How-To: Inspect Cluster State

Applications written on top of Ray will often want to have some information or diagnostics about the cluster. Some common questions include:

  1. How many nodes are in my autoscaling cluster?
  2. What resources are currently available in my cluster, both used and total?
  3. What are the objects currently in my cluster?

For this, you can use the global state API.

Context: Ray Processes

For context, when using Ray, several processes are involved.

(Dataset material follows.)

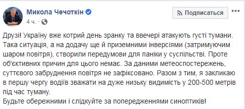 Существенного загрязнения воздуха на территории Украины, которое могло бы повлечь возникновение густых туманов в последние дни, не зафиксировано. этом заявил глава Государственной службы Украины по чрезвычайным ситуациям Николай Чечеткин на своей странице в Facebook.

  • Multiple worker processes execute tasks and store results in object stores. Each worker is a separate process.
  • One object store per node stores immutable objects in shared memory and allows workers to efficiently share objects on the same node with minimal copying and deserialization.
  • One raylet per node assigns tasks to workers on the same node.
  • A driver is the Python process that the user controls. For example, if the user is running a script or using a Python shell, then the driver is the Python process that runs the script or the shell. A driver is similar to a worker in that it can submit tasks to its raylet and get objects from the object store, but it is different in that the raylet will not assign tasks to the driver to be executed.
  • A Redis server maintains much of the system’s state. For example, it keeps track of which objects live on which machines and of the task specifications (but not data). It can also be queried directly for debugging purposes.

Node Information

To get information about the current nodes in your cluster, you can use ray.nodes():

ray.nodes()[source]

Get a list of the nodes in the cluster.

Returns:Information about the Ray clients in the cluster.
>>> import ray
>>> ray.init()
>>> ray.nodes()
[{'ClientID': 'a9e430719685f3862ed7ba411259d4138f8afb1e',
  'IsInsertion': True,
  'NodeManagerAddress': '192.168.19.108',
  'NodeManagerPort': 37428,
  'ObjectManagerPort': 43415,
  'ObjectStoreSocketName': '/tmp/ray/session_2019-07-28_17-03-53_955034_24883/sockets/plasma_store',
  'RayletSocketName': '/tmp/ray/session_2019-07-28_17-03-53_955034_24883/sockets/raylet',
  'Resources': {'CPU': 4.0},
  'alive': True}]

The above information includes:

  • ClientID: A unique identifier for the raylet.
  • alive: Whether the node is still alive.
  • NodeManagerAddress: PrivateIP of the node that the raylet is on.
  • Resources: The total resource capacity on the node.

Resource Information

To get information about the current total resource capacity of your cluster, you can use ray.cluster_resources().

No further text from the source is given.